Deutsch’s installations are frequently poetically remapped spaces of metaphor and the physical labor of construction. In the past she has sewn together three-dimensional dressmaker’s patterns into complex bulging walls that made the absence of the human body and the invisible makers of clothing tangible. For “62 Miles of Girl Talk” she stretched that many miles of pale plastic line from wall to ceiling to wall, making a sharp peak of hundreds of near invisible lines along the length of a gallery. The taut construction effectively re-presented the narrow but invisible distance between the earth and the edge of the vacuum of space as a cosmic, but playable acoustic harp. Walking through the harp, the audience and performing musicians could strum and pluck to make resonating chords and auditory patterns. These were recorded and paired with a recording made of women whispering as they created the work.
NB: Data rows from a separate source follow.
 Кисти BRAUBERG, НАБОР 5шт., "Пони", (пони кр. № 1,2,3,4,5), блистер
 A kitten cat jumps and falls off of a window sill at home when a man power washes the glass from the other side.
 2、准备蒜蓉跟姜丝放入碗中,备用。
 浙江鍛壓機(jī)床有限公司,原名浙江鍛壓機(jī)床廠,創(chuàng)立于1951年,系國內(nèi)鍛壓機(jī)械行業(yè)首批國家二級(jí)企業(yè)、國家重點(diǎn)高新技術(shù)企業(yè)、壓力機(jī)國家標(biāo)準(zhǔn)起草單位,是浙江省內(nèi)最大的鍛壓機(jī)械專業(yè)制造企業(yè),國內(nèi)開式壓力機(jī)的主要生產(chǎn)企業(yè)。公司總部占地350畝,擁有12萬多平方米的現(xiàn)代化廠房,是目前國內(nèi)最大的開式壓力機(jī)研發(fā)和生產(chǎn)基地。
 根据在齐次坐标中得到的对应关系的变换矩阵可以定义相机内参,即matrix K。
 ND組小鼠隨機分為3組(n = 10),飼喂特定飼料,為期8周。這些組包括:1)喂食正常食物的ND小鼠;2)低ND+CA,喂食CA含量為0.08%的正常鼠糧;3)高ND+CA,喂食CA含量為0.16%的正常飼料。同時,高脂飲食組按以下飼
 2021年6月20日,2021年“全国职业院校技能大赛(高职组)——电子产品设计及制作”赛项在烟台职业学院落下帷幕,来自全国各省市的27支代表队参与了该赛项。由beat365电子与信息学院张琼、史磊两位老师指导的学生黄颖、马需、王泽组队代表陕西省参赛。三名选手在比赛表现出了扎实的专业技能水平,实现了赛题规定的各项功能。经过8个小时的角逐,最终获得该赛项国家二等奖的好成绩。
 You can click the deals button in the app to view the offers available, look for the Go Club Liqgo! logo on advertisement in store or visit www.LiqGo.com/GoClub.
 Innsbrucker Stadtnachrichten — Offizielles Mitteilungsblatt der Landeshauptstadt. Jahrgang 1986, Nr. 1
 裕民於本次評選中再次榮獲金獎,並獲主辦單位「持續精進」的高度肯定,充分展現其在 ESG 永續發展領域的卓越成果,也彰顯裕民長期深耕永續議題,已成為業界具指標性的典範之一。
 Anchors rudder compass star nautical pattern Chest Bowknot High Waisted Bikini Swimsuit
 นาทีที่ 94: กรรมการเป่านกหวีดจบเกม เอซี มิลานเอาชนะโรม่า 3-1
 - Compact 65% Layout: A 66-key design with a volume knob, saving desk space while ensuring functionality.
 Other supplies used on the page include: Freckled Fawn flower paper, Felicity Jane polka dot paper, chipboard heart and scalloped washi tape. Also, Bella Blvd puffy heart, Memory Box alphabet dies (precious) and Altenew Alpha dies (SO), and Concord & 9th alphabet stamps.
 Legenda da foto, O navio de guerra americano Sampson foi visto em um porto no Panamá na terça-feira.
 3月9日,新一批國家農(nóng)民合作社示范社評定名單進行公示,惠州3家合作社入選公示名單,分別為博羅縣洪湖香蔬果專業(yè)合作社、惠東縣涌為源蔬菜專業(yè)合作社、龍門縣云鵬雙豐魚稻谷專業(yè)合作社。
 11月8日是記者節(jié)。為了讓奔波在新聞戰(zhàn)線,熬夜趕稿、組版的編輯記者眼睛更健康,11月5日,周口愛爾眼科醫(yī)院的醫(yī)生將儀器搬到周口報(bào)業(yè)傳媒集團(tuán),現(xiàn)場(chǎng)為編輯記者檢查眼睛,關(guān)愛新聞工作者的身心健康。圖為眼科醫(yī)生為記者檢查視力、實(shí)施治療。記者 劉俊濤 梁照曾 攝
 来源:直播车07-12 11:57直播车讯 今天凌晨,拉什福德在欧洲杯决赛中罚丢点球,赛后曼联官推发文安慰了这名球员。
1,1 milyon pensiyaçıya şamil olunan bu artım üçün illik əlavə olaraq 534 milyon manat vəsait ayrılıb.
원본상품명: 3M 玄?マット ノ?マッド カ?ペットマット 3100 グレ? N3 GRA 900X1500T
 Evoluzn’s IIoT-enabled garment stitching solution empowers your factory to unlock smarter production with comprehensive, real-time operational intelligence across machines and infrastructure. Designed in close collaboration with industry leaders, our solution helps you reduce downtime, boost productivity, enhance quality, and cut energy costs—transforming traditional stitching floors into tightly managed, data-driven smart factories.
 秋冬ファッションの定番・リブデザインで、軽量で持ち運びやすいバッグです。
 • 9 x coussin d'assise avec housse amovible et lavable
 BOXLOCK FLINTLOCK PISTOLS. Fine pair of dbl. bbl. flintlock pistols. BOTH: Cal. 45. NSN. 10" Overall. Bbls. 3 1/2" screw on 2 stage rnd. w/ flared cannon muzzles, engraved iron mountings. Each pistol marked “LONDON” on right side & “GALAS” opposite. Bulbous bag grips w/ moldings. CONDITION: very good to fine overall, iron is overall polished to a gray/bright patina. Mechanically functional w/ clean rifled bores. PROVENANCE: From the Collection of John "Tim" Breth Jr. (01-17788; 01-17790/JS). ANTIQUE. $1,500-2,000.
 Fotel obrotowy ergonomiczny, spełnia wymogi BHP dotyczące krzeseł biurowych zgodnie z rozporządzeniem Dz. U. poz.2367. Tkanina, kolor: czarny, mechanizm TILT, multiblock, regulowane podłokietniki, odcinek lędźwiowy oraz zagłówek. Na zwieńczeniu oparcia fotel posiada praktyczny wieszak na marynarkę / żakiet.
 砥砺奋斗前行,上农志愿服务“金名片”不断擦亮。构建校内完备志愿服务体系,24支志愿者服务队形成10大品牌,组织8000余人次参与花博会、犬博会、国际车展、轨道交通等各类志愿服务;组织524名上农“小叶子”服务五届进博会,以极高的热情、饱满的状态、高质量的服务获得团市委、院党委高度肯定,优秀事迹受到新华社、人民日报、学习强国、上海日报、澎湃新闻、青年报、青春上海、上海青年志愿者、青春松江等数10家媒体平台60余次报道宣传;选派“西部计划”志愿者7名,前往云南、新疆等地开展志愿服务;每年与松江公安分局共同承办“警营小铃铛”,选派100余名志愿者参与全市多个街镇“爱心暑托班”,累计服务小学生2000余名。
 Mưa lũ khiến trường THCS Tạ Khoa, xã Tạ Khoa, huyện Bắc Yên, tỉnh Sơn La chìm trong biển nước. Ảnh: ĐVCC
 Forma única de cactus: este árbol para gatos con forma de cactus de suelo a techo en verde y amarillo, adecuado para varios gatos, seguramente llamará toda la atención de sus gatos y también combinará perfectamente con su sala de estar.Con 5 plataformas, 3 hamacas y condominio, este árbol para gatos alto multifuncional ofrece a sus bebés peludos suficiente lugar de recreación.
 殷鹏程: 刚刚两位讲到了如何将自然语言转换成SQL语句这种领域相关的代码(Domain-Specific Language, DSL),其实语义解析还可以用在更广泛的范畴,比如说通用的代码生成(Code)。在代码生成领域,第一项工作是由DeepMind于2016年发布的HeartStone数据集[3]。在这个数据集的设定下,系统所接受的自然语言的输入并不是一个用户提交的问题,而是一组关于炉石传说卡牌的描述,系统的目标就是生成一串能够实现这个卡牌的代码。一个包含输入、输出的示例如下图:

For this installation, Deutsch says she recognized the need for creating connection in a stressful time. She offers “Play” as an opportunity to not only create temporal compositions and music but to play — in the collaborative, exploratory manner of childhood. Her seven sculptures are shaped like abstract harps and piano beds. Each is either tethered to, suspended from or lies prone within the gallery, so as to invite interactivity by visitors. They will also be played by a group of seven musicians at specific events.
John Cage once said, “A sound has no legs to stand on,” meaning sound itself is nothing; it requires support structures and vessels to be made. We are accustomed to the invisibility of sound and the way it pulses through every surface and into our bodies, filling our rooms and penetrating our daily lives. We also tend to completely forget the bodily labor that goes into making any kind of aural surface. But in Deutsch’s hands these peripheral elements are the very ones we are asked to reach out and touch. That she frames all this as a creative encounter is a reminder that we are always making and embedded in a kind of music; even when we aren’t aware of it.
Justin Favela’s “Gracias, Gracias, Thank You, Thank You” is a delightfully smart critique on contemporary commerce and the art world in general. By adopting traditional piñata ruffled tissue paper and cardboard construction, Favela uses what is considered a lowly paper craft from Mexican culture to interrogate the more lofty economic and social expectations of those who look at art’s objects in galleries.
Central to that examination is “Gracias” a fragile fruit stand sculpture displaying bright, tissue paper oranges. Like the exhibit’s longer title with its multiplied declarations of gratitude that also convey a subtext of financial need within a polite but limited conversation, this work is a subtle bid for deeper queries around direct cultural exchange. A fruit stand in local Latino culture is a place of meeting as well as commerce. Building on previous works like his public “Family Fiestas” performances held at art sites such as Michael Heizer’s “Double Negative” in Nevada, Favela’s “Gracias” offers the art gallery as a similar place for communal interaction.
Within art’s meeting place however, Favela’s piñata sculptures suggest there are larger social realities to be addressed and considered. Indeed, his frilly sculptures exhibit an awareness of their piñata-dom role in society: to be beaten unrelentingly until they spill out all that they contain for others to consume. The colorful Sesame Street character “Big Bird” lies in a dejected, splayed heap on the floor, awaiting its turn to be strung up and battered. The rainbow-colored “Donkey Piñata” sags hopelessly from its suspending rope. In its helpless four-footed droop we see suggestions of Maurizio Cattelan’s suspended taxidermied horses, tapped and unable to escape situations they had no part in creating. Favela’s party piñatas are a similarly haunting metaphor dressed up in party colors. It’s a good insight for a time when the human costs of broad public policy decisions affecting so many lives are being glossed over.